Given data

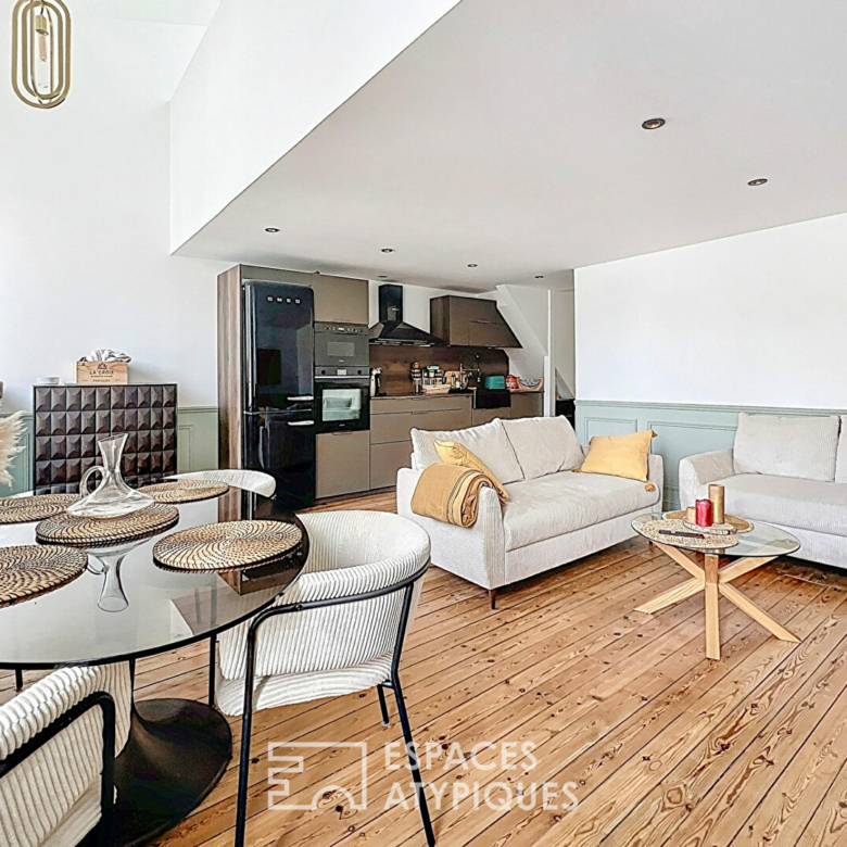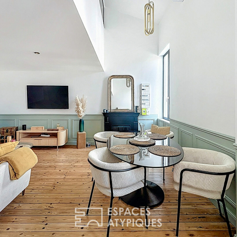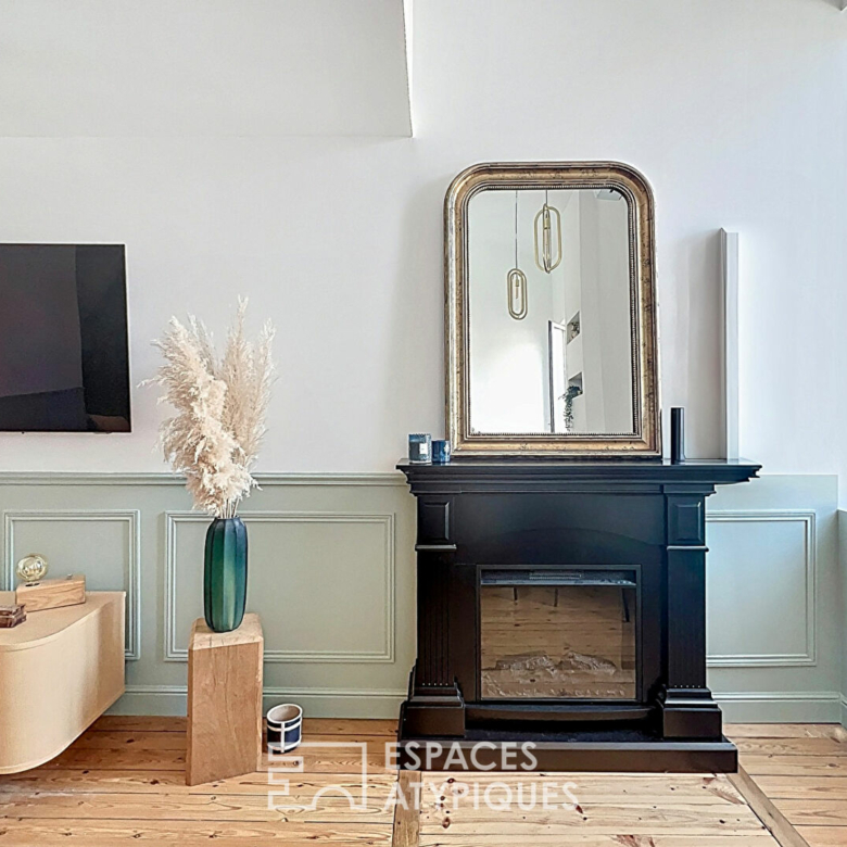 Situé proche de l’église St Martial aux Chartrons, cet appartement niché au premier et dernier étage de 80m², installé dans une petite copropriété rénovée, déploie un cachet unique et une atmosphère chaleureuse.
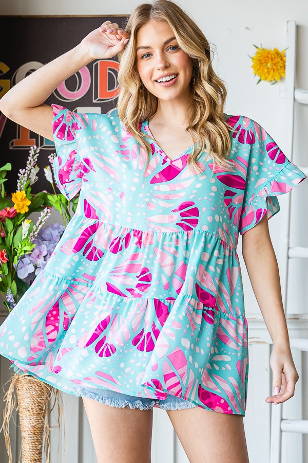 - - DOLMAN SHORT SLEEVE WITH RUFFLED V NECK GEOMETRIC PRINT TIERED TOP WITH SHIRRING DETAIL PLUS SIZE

---

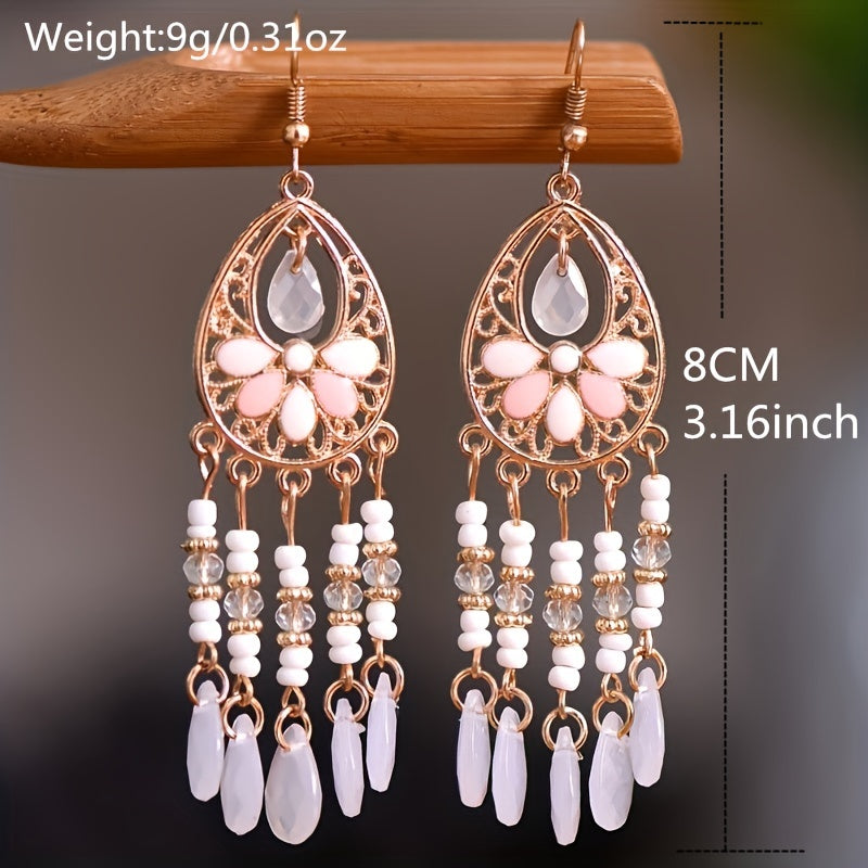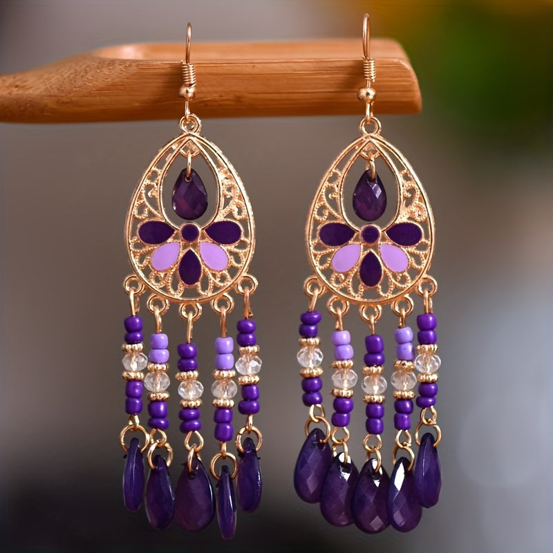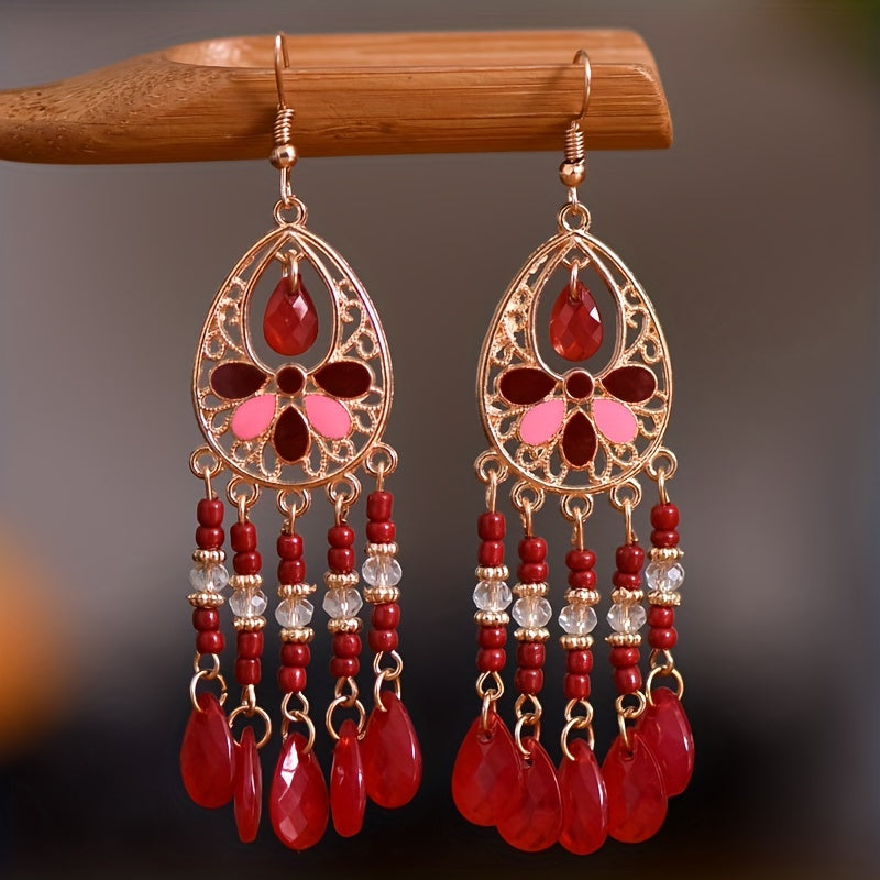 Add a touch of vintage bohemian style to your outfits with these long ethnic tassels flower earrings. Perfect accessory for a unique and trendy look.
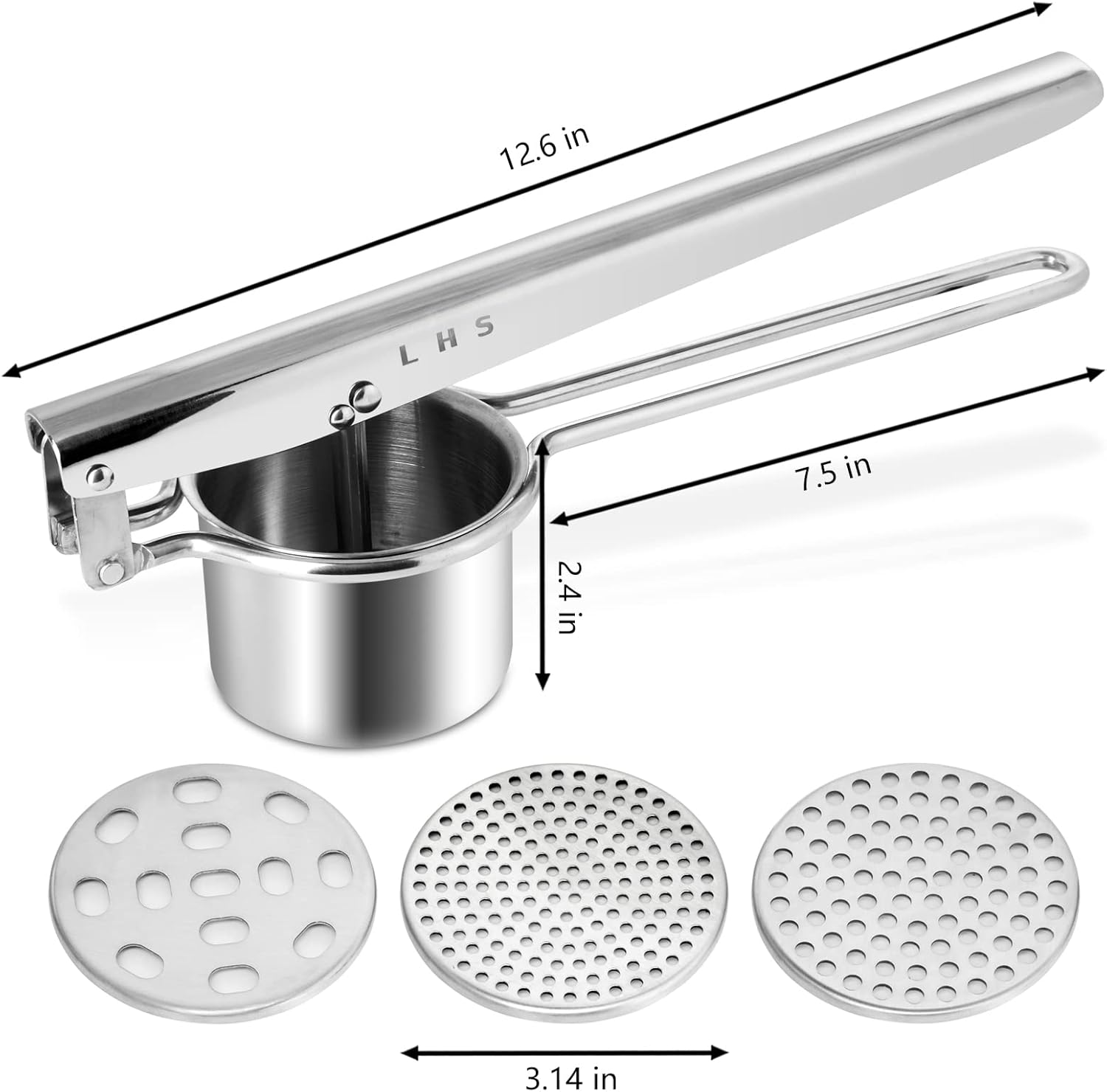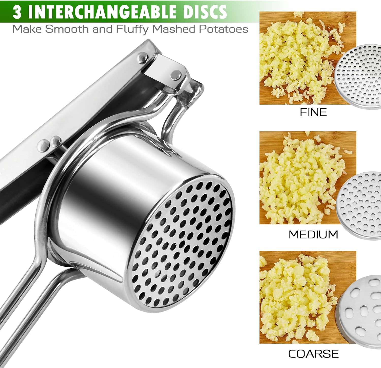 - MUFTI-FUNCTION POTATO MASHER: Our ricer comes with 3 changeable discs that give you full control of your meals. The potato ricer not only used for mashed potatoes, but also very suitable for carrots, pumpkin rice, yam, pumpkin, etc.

==

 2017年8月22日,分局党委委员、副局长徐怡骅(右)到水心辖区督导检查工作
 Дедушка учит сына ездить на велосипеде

Required work
Please print the lines above word for word, starting at the one with "Situé proche de" and ending at the one with "- - DOLMAN SHORT", both included, and without any picture.

Final answer
 Situé proche de l’église St Martial aux Chartrons, cet appartement niché au premier et dernier étage de 80m², installé dans une petite copropriété rénovée, déploie un cachet unique et une atmosphère chaleureuse.
 - - DOLMAN SHORT SLEEVE WITH RUFFLED V NECK GEOMETRIC PRINT TIERED TOP WITH SHIRRING DETAIL PLUS SIZE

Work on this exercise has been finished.